→ **Required action**
Without copying the images, write out all the entries below verbatim.
Source data Start Marker
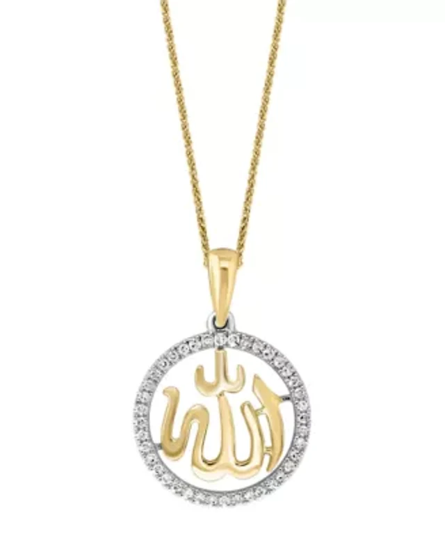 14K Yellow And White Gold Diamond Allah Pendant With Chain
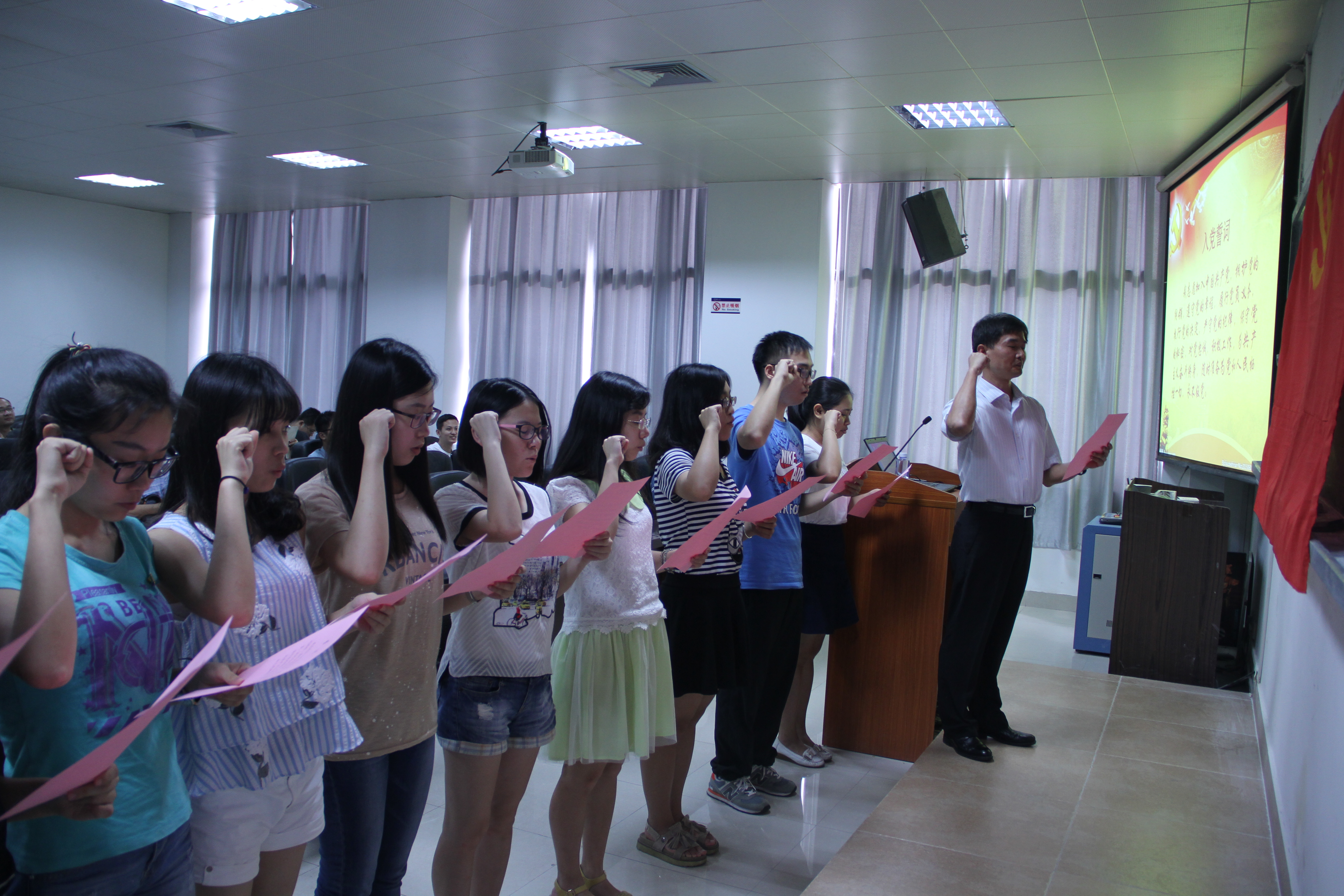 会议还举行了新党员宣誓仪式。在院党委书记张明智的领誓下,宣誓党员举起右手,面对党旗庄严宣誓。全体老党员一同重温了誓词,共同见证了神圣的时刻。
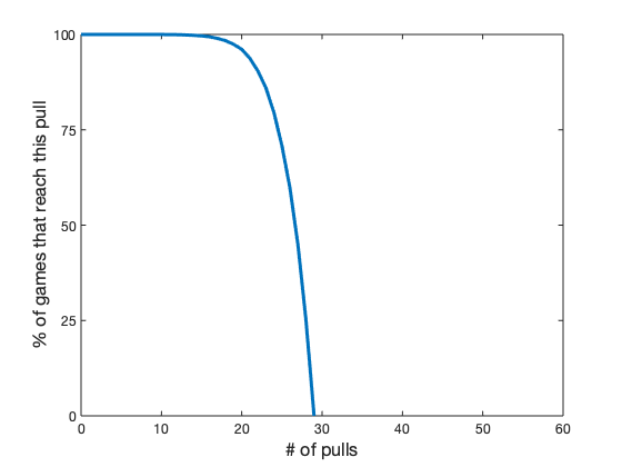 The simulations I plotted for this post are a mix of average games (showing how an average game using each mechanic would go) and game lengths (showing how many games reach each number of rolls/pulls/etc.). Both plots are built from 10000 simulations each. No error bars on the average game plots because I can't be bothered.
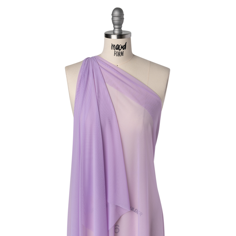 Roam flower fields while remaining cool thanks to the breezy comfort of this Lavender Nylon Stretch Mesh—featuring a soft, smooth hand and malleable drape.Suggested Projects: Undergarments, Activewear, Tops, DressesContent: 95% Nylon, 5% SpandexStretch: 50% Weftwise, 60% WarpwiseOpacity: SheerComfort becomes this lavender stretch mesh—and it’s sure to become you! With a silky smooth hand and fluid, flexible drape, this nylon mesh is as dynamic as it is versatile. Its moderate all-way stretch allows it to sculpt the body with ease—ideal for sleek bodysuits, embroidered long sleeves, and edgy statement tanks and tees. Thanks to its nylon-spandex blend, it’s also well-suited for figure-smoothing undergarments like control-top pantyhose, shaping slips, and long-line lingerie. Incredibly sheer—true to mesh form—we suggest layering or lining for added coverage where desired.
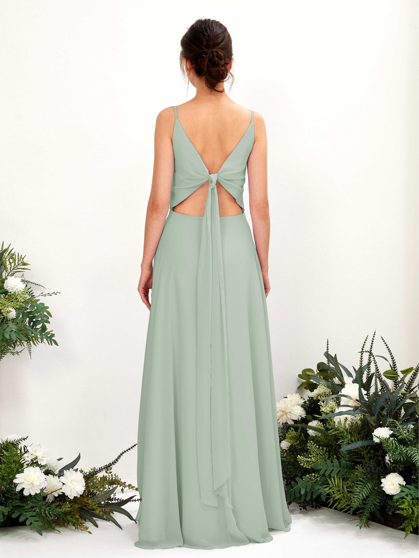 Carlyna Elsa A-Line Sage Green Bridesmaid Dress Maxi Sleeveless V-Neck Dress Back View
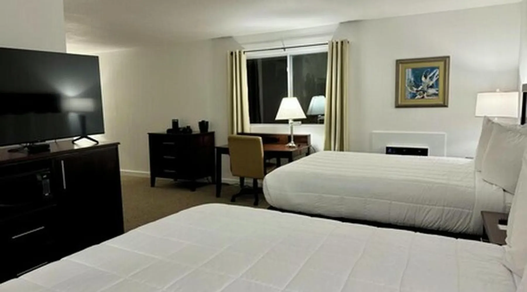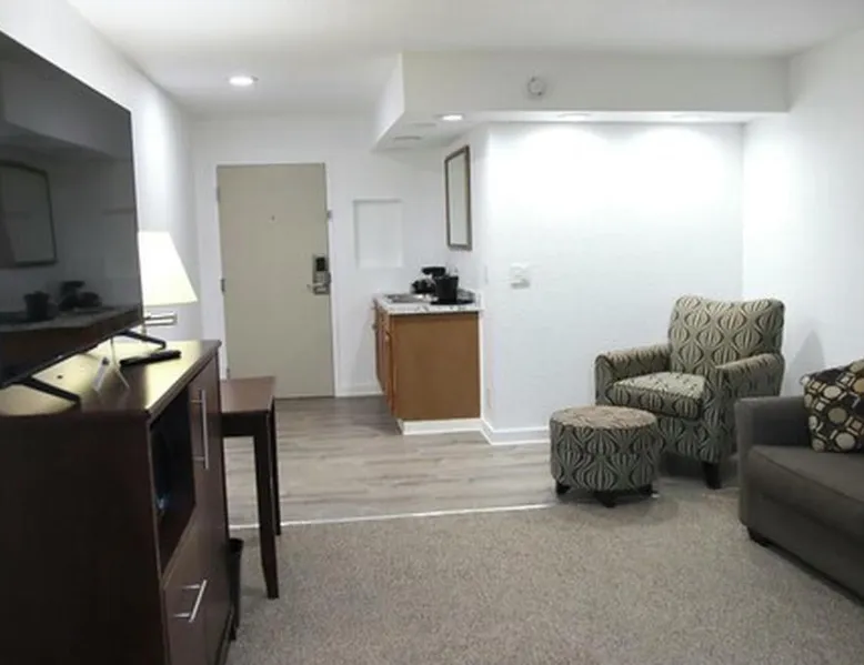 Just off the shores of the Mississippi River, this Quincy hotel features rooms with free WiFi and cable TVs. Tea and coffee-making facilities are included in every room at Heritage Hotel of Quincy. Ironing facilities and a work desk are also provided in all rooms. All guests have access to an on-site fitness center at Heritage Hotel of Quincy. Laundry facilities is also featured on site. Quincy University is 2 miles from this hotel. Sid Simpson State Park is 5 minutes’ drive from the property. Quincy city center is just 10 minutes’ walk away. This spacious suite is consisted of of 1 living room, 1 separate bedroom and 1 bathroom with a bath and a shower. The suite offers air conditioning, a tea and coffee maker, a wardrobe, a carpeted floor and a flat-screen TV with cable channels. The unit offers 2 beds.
Source data End Marker
→ **Answer space**
 14K Yellow And White Gold Diamond Allah Pendant With Chain
 会议还举行了新党员宣誓仪式。在院党委书记张明智的领誓下,宣誓党员举起右手,面对党旗庄严宣誓。全体老党员一同重温了誓词,共同见证了神圣的时刻。
 The simulations I plotted for this post are a mix of average games (showing how an average game using each mechanic would go) and game lengths (showing how many games reach each number of rolls/pulls/etc.). Both plots are built from 10000 simulations each. No error bars on the average game plots because I can't be bothered.
 Roam flower fields while remaining cool thanks to the breezy comfort of this Lavender Nylon Stretch Mesh—featuring a soft, smooth hand and malleable drape.Suggested Projects: Undergarments, Activewear, Tops, DressesContent: 95% Nylon, 5% SpandexStretch: 50% Weftwise, 60% WarpwiseOpacity: SheerComfort becomes this lavender stretch mesh—and it’s sure to become you! With a silky smooth hand and fluid, flexible drape, this nylon mesh is as dynamic as it is versatile. Its moderate all-way stretch allows it to sculpt the body with ease—ideal for sleek bodysuits, embroidered long sleeves, and edgy statement tanks and tees. Thanks to its nylon-spandex blend, it’s also well-suited for figure-smoothing undergarments like control-top pantyhose, shaping slips, and long-line lingerie. Incredibly sheer—true to mesh form—we suggest layering or lining for added coverage where desired.
 Carlyna Elsa A-Line Sage Green Bridesmaid Dress Maxi Sleeveless V-Neck Dress Back View
 Just off the shores of the Mississippi River, this Quincy hotel features rooms with free WiFi and cable TVs. Tea and coffee-making facilities are included in every room at Heritage Hotel of Quincy. Ironing facilities and a work desk are also provided in all rooms. All guests have access to an on-site fitness center at Heritage Hotel of Quincy. Laundry facilities is also featured on site. Quincy University is 2 miles from this hotel. Sid Simpson State Park is 5 minutes’ drive from the property. Quincy city center is just 10 minutes’ walk away. This spacious suite is consisted of of 1 living room, 1 separate bedroom and 1 bathroom with a bath and a shower. The suite offers air conditioning, a tea and coffee maker, a wardrobe, a carpeted floor and a flat-screen TV with cable channels. The unit offers 2 beds.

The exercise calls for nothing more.